> _WORK INSTRUCTIONS_
Write out each line below precisely, passing over the pictures.

(Records from a data source)
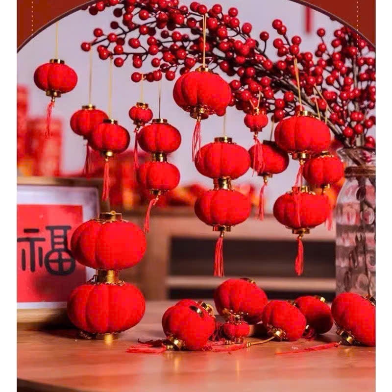 Bộ đèn lồng đỏ mini dùng để trang trí cây mai, cây đào hoặc không gian ngày Tết, tạo vẻ ấm áp và may mắn. Thiết kế nhỏ gọn, dễ treo và bền màu.
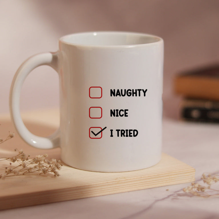 Surprise a Christmas-crazy person with their very own special christmas mug with santa’s naughty, nice or just plain I tried list. Perfect for that friend who’s maybe a little nice, a little naughty, and definitely a lot of ‘I Tried.’
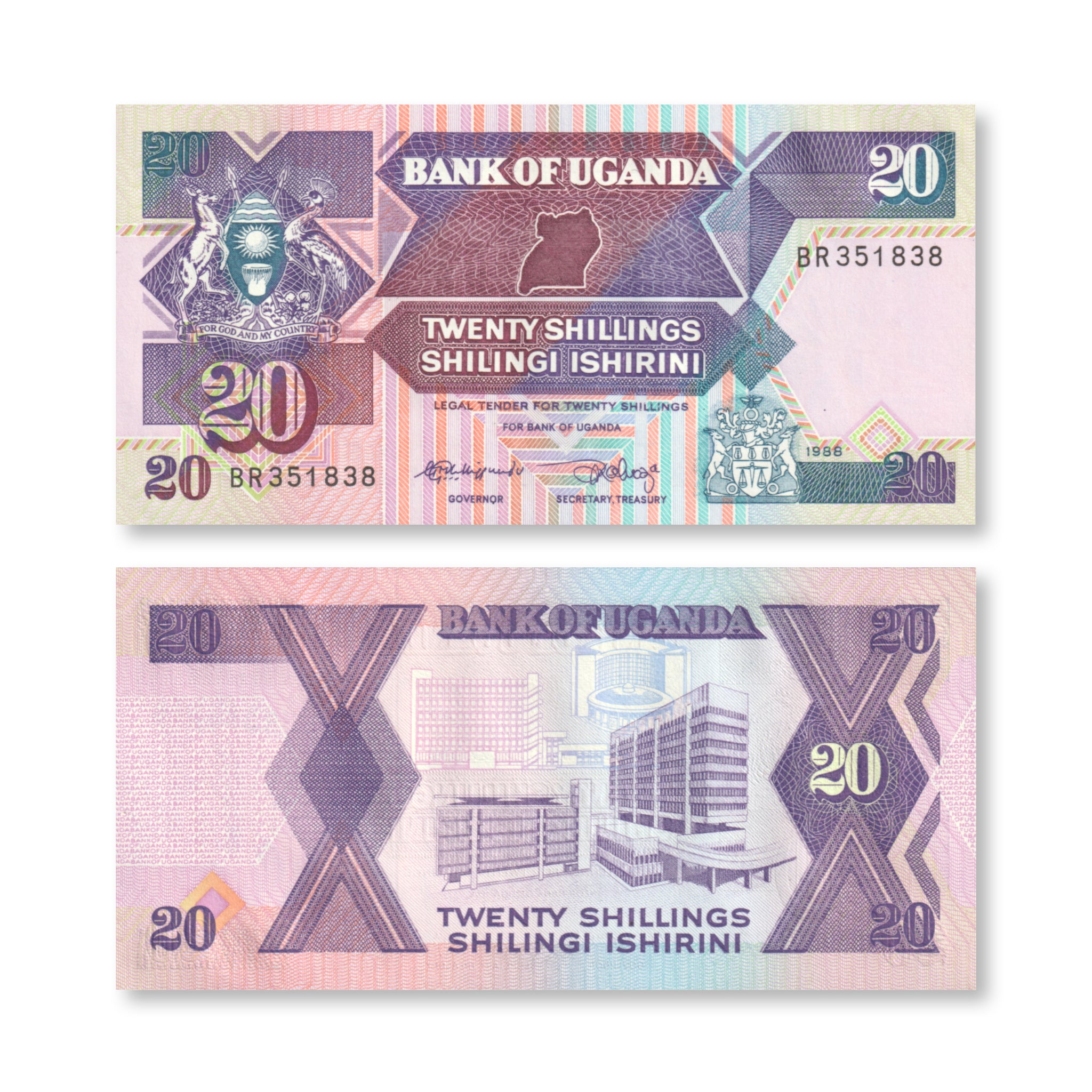 Uganda 20 Shillings, 1988, B133b, P29b, UNC
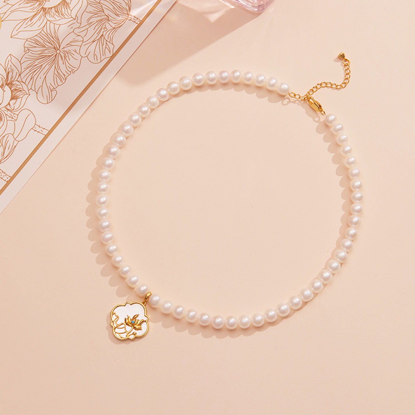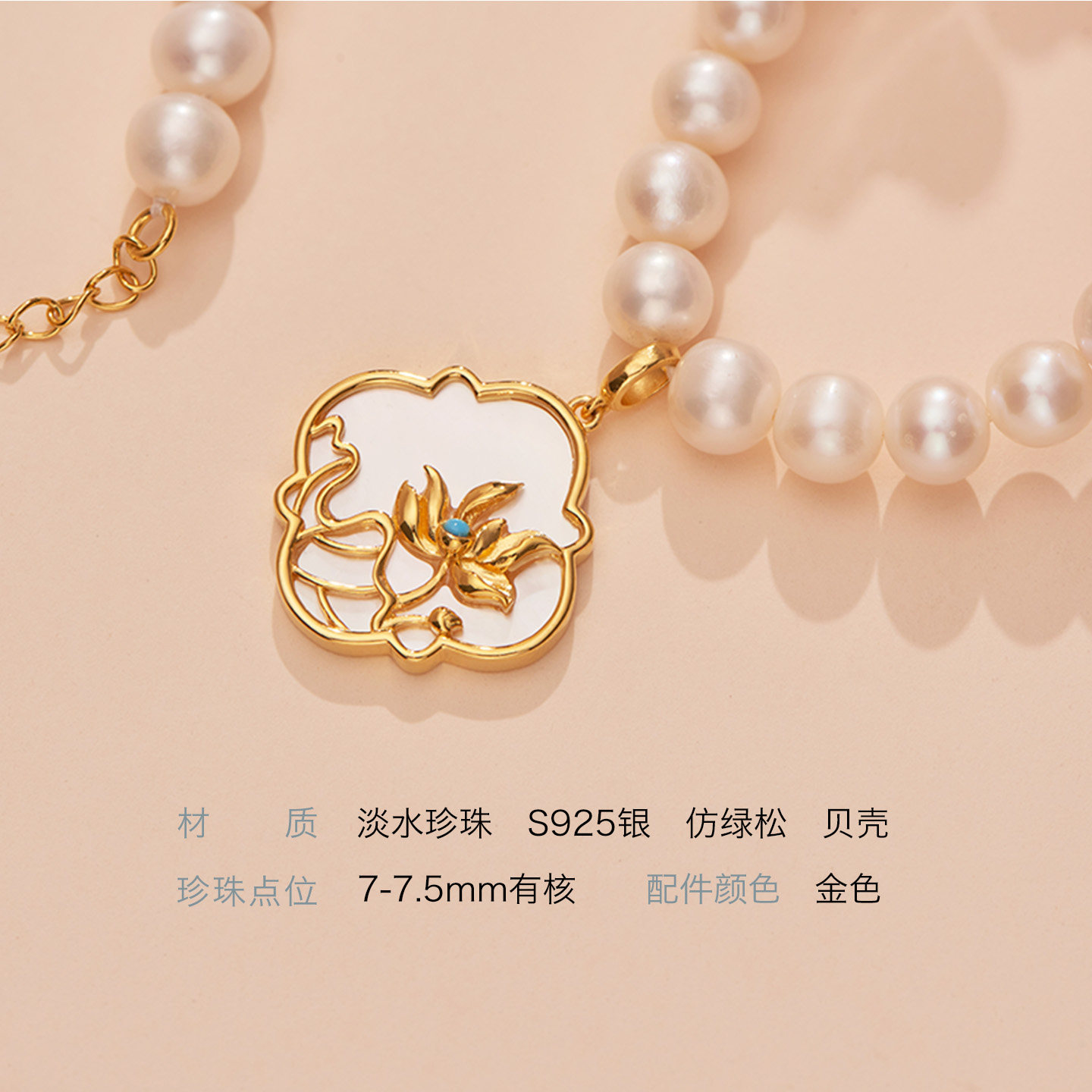 老凤祥淡水珍珠项链颈链花开莲莲感恩礼盒轻奢吊坠妈妈款生日礼物
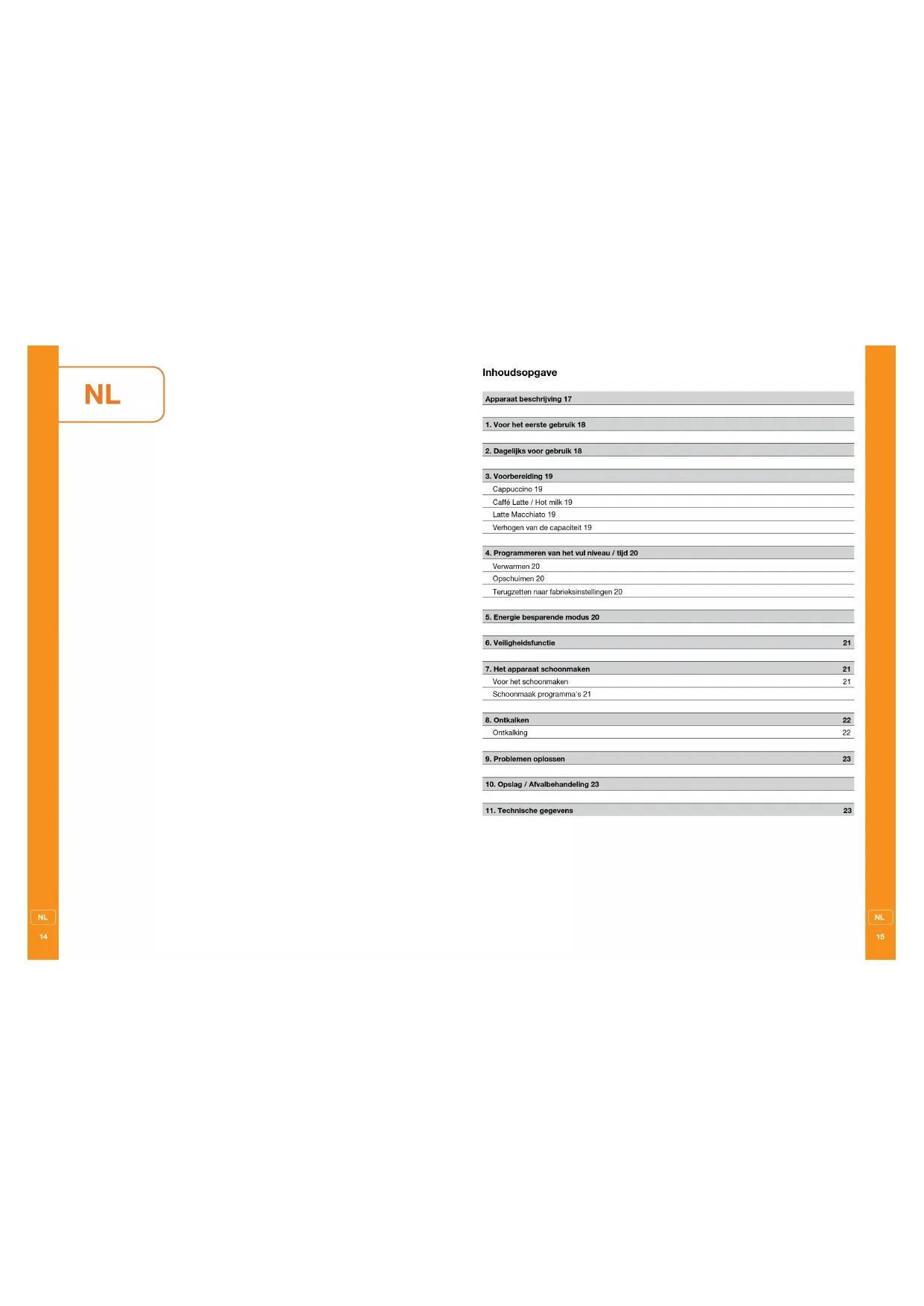 Verwarmen 20 Opschuimen 20 Terugzetten naar fabrieksinstellingen 20
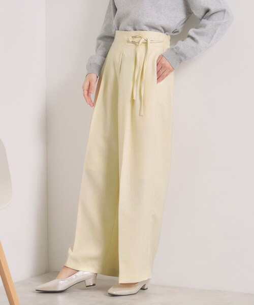 【デザイン】 存在感のあるゴールドバックルがアクセントのワイドパンツ。 ウール調のツイル素材で今すぐ着られる素材感。 曲線的なラインでトレンド感ある金具がポイントのワイドパンツ。 アシンメトリーなデザインがおしゃれ感を演出できるデザイン。 素材はウール調のツイル素材で春らしさもありつつ、今すぐ着られる寒々しくない素材感です。 後ろウエストはゴム仕様。 着用する際は、金具の紐をほどいてから着用してください。 【素材】 ウールライクなポリエステル混ツイル素材。 【仕様】 ・ポケット数:横×2 ・ウエスト後ろゴム ・裏地あり ※こちらの商品はやや透け感があります。 ※照明の関係により、実際よりも色味が違って見える場合があります。また、パソコン・スマートフォンなどの環境により、若干製品と画像のカラーが異なる場合もございます。 ---------------------------------------- ★お気に入り登録がおすすめ★ ▽気になる商品はハートマークをクリック! ・再入荷やセールの通知をお知らせ ・お気に入り一覧からいつでもチェック ▽ブランドのお気に入り登録も! ・新商品やお得な情報をいち早くお知らせ ---------------------------------------- モデル情報:身長164cm B80 W60 H84 着用サイズ:00(フリーサイズ) 店舗へのお問い合わせ商品番号:P93-65004 ●製品寸法: 00(フリーサイズ):W64~68cm H88cm 股下67cm 前股上35cm 渡り幅35cm 裾幅29cm 備考:
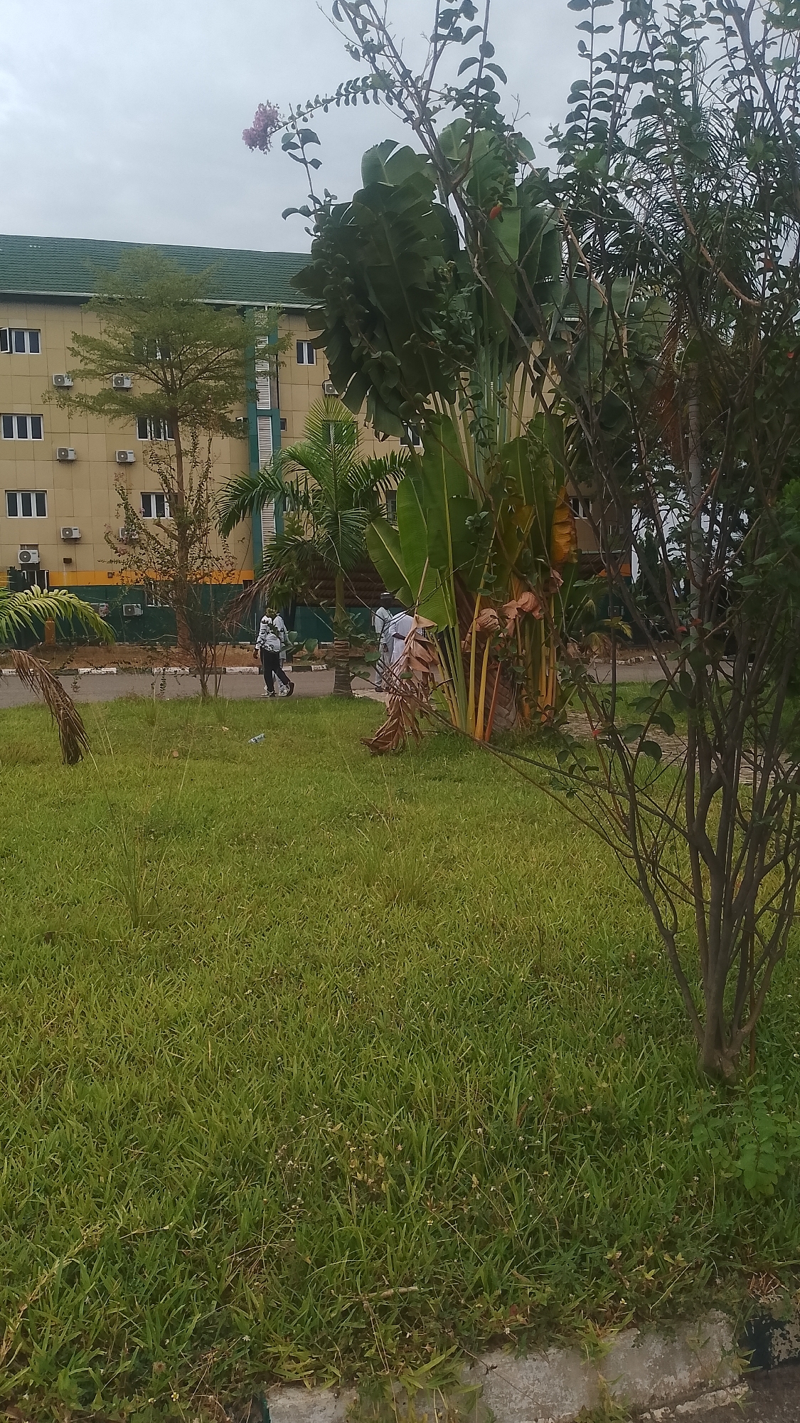 The image depicts a grassy lawn in the Immigration Quarters, Nigeria. In the background is a multi-story building with a green roof and beige walls. Air conditioning units are visible on the exterior of the building. Three people are walking on a paved area in front of the building. The foreground contains a grassy lawn with various plants, including small trees and leafy vegetation. A concrete curb is visible at the bottom of the frame. The sky appears overcast.

> _ANSWER SPACE_
 Bộ đèn lồng đỏ mini dùng để trang trí cây mai, cây đào hoặc không gian ngày Tết, tạo vẻ ấm áp và may mắn. Thiết kế nhỏ gọn, dễ treo và bền màu.
 Surprise a Christmas-crazy person with their very own special christmas mug with santa’s naughty, nice or just plain I tried list. Perfect for that friend who’s maybe a little nice, a little naughty, and definitely a lot of ‘I Tried.’
 Uganda 20 Shillings, 1988, B133b, P29b, UNC
 老凤祥淡水珍珠项链颈链花开莲莲感恩礼盒轻奢吊坠妈妈款生日礼物
 Verwarmen 20 Opschuimen 20 Terugzetten naar fabrieksinstellingen 20
 【デザイン】 存在感のあるゴールドバックルがアクセントのワイドパンツ。 ウール調のツイル素材で今すぐ着られる素材感。 曲線的なラインでトレンド感ある金具がポイントのワイドパンツ。 アシンメトリーなデザインがおしゃれ感を演出できるデザイン。 素材はウール調のツイル素材で春らしさもありつつ、今すぐ着られる寒々しくない素材感です。 後ろウエストはゴム仕様。 着用する際は、金具の紐をほどいてから着用してください。 【素材】 ウールライクなポリエステル混ツイル素材。 【仕様】 ・ポケット数:横×2 ・ウエスト後ろゴム ・裏地あり ※こちらの商品はやや透け感があります。 ※照明の関係により、実際よりも色味が違って見える場合があります。また、パソコン・スマートフォンなどの環境により、若干製品と画像のカラーが異なる場合もございます。 ---------------------------------------- ★お気に入り登録がおすすめ★ ▽気になる商品はハートマークをクリック! ・再入荷やセールの通知をお知らせ ・お気に入り一覧からいつでもチェック ▽ブランドのお気に入り登録も! ・新商品やお得な情報をいち早くお知らせ ---------------------------------------- モデル情報:身長164cm B80 W60 H84 着用サイズ:00(フリーサイズ) 店舗へのお問い合わせ商品番号:P93-65004 ●製品寸法: 00(フリーサイズ):W64~68cm H88cm 股下67cm 前股上35cm 渡り幅35cm 裾幅29cm 備考:
 The image depicts a grassy lawn in the Immigration Quarters, Nigeria. In the background is a multi-story building with a green roof and beige walls. Air conditioning units are visible on the exterior of the building. Three people are walking on a paved area in front of the building. The foreground contains a grassy lawn with various plants, including small trees and leafy vegetation. A concrete curb is visible at the bottom of the frame. The sky appears overcast.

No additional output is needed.